Today, for our Memory Nugget, we only venture to the recent past.
This past Christmas as a matter of fact.
Not surprisingly, it is difficult to shop for my mother. Birthdays, Mothers Day, Chistmas are all a stress nightmare of trying to find the gift she'll hate the least.
A couple months before this most recent Christmas she hinted that she thought a great gift for someone older would be a bunch of home-made meals, all frozen and ready to pop in a microwave.
"Ah HA!" I thought carelessly, "she has just told me what she wants for Christmas -- but she thinks I'll never do it! So I'll get to really surprise her!"
I spent the next 6-8 weeks planning meals for my family that I knew were HER favorites, buying extra ingredients, making the kids suffer through stuff they had never before tried, and carefully freezing them into single-servings in disposable Glad-wear type containers. After I had about a months worth of dinners collected, I made a list of all the meals and labeled them.
She didn't take them home Christmas day, but that was ok. I figured I could take them to her house sometime in the next week or so.
I kept asking when I should bring them over, when she suddenly declared that if I wanted to do that I was going to have to clean out her freezer for her -- cause there was no room for that food.

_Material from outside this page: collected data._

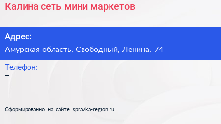 Калина, сеть мини-маркетов по адресу Амурская область, Свободный, Ленина, 74 в дальнейшем Организация, размещена в следующих категориях:
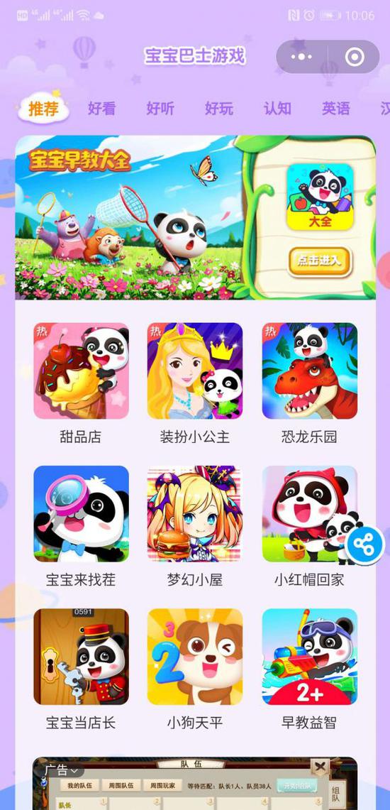 宝宝巴士是知名幼教品牌,在视频和传统APP领域都有很多产品出现,在国内颇受家长和儿童用户群体欢迎。宝宝巴士没有错过微信小游戏平台的机遇,推出了宝宝巴士游戏小程序,共集成了十多款款宝宝巴士自研的小游戏,还有幼教视频、儿歌、童话书和分学科的教学互动内容。宝宝巴士将小程序打造成了视听读写玩一站式体验的平台,涵盖了幼教的方方面面。
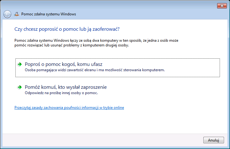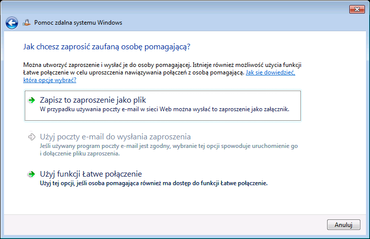Postępujemy zgodnie z instrukcją wyświetlającą się w oknie. Klikamy opcję: Poproś o pomoc kogoś, komu ufasz. Pokaże się nam kolejne okno z opcjami określającymi sposób zaproszenia osoby pomagającej.
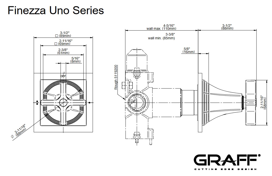 Graff Finezza Uno Rozdzielacz 2-drożny podtynkowy - element zewnętrzny Chrom E-8073-C15E1-T
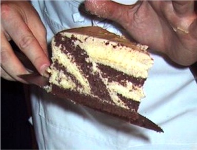 Immediately, using a thin, serrated knife, dipped in hot water, cut out a cone-shaped piece from the layered cake from the center of the cake.
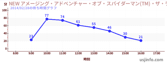 • NEW アメージング・アドベンチャー・オブ・スパイダーマン(TM)・ザ・ライド 4K3D$B$N(B2014年02月28日の待ち時間
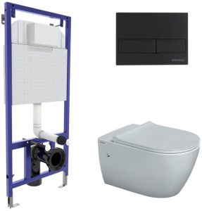 Комплект Berges 4в1 043217: инсталляция NOVUM525 кнопка L5 SoftTouch чёрная унитаз Mascon Rimless сиденье Toma Slim SO
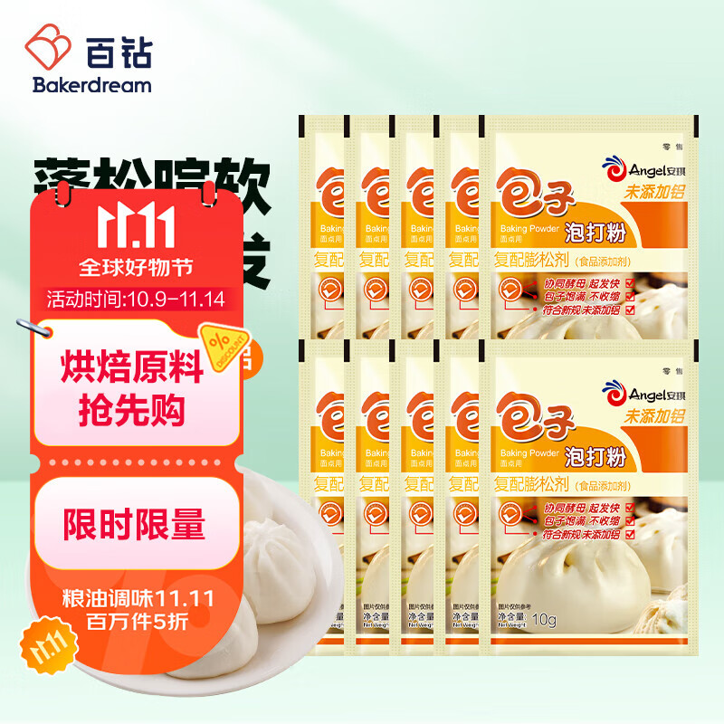 安琪无铝害包子泡打粉10g*10袋家用小包装馒头中式面点发面复配膨松剂
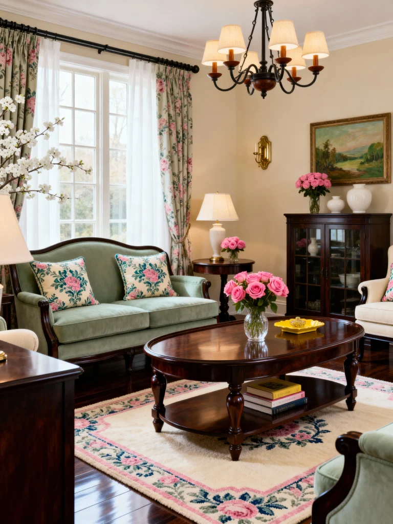 If you want to know what “cozy luxury” looks like, this is it. This living room feels like a warm hug from a very sophisticated friend. That sage green velvet sofa is the absolute star—it’s plush, inviting, and pairs so perfectly with those floral accent pillows. I love how the curtains bring in a bit of a garden vibe, making the whole room feel fresh. The dark wood coffee table adds just enough weight to keep things grounded, and those pink roses? They’re the perfect pop of color. It’s the kind of spot where you could spend hours reading or catching up with a neighbor.

Experienced with my mother as I am, I could see where this was going (I thought). She had decided that I needed to come over, defrost, and clean out the freezer she surely hadn't bothered to clean out in a decade.
I wasn't going to do it.
So I said I didn't have time for that.
(Note that we aren't just talking about going over and spending 15 minutes tossing out expired containers and then wiping it down. Thinking on it, I recalled what she had let happen in the past, and I knew we were talking about an all-day event of defrosting 6 inches of ice with a blow dryer and trying to keep the floor from flooding.)
Weeks went by with the freezer never getting cleaned, cause she wouldn't do it.

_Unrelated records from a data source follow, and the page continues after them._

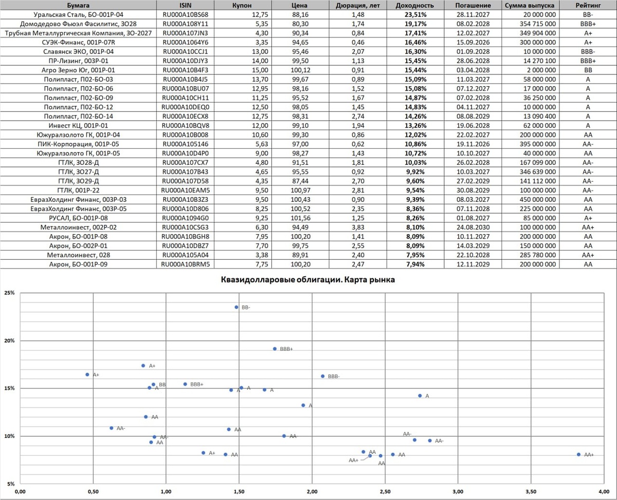 👉Чат Иволги в MAX👈 Я долго игнорировал валютные вложения. В основном со второй половины 2023 года. И в феврале 2026 вернулся к идее покупки валюты или валютных инструментов. На данный момент в наших публичных портфелях, а вместе с ними и в портфелях ДУ есть небольшая валютная позиция: юани, которые сдаются в РЕПО с ЦК. Их сейчас примерно на 3,5% от активов. Но есть и квазивалютные облигации. На иллюстрации долларовые. И если юаневая ставка РЕПО с ЦК мало предсказуема и колеблется в очень широком диапазоне, то доходности облигаций относительно устойчивы. Причем, как видим, есть ряд приличных имен с 10-15% к погашению. При ставке ФРС 3,75%. И рублевой ключевой ставке 15%. Велик шанс, что что-то из этого списка пополнит наши портфели в ближайшем будущем, и возможно, на заметную долю их капитала. Телеграм: @AndreyHohrin Не является инвестиционной рекомендацией. Ссылка на ограничение ответственности Следите за нашими новостями в удобном формате: Telegram, Youtube, RuTu
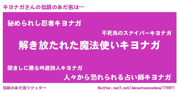 | ヒーロー風カッコイイあだ名 | 『幻影騎士キヨ』『ウルトラキヨナガマン』 |
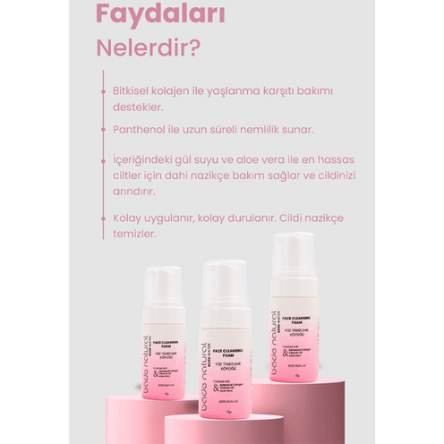 - Gül suyu içerikli yüz temizleme köpüğüdür.
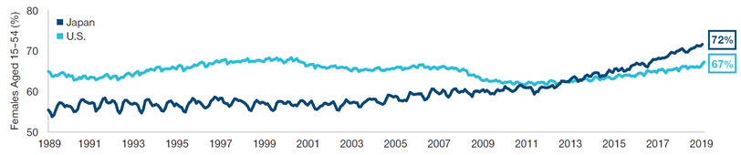 Uno dei focus dell’Abenomics è stata la revisione del contesto di lavoro in Giappone, con l’obiettivo di migliorare l’efficienza e incoraggiare gli investimenti. Sono già stati fatti notevoli passi avanti in questo ambito, con il miglioramento degli standard di governance e un nuovo framework di controllo. Al tempo stesso, un insieme di iniziative governative (leggi, politiche, investimenti in infrastrutture, incentivi per le aziende) hanno mirato ad ottenere una forza lavoro più inclusiva e dinamica.

(Although, to be honest, since she had been doing nothing but complaining for months about how she had no food in the house, I would like fo know what -- other than brick-thick ice, was taking up all that space in her never-cleaned appliance.)
Cut to: March of this year.
I have been disowned for nearly three months...but still her meals are waiting for her in my downstairs freezer.
Daring to speak to her on Facebook, I posted as much.
She wrote back -- in a post to my sister (cause she couldn't talk to me) -- that she didn't want any of my leftovers...that they didn't cost me anything and took no effort or time on my part.
Sigh.
My dad always used to say that where mother was concerned, unless a gift/favor "inconveniences you in some way, it doesn't count."
Right again, dad.
You'd think at my age I woulda learned.
That was an incredibly thoughtful gift! Too bad she can't appreciate your hard work and effort!!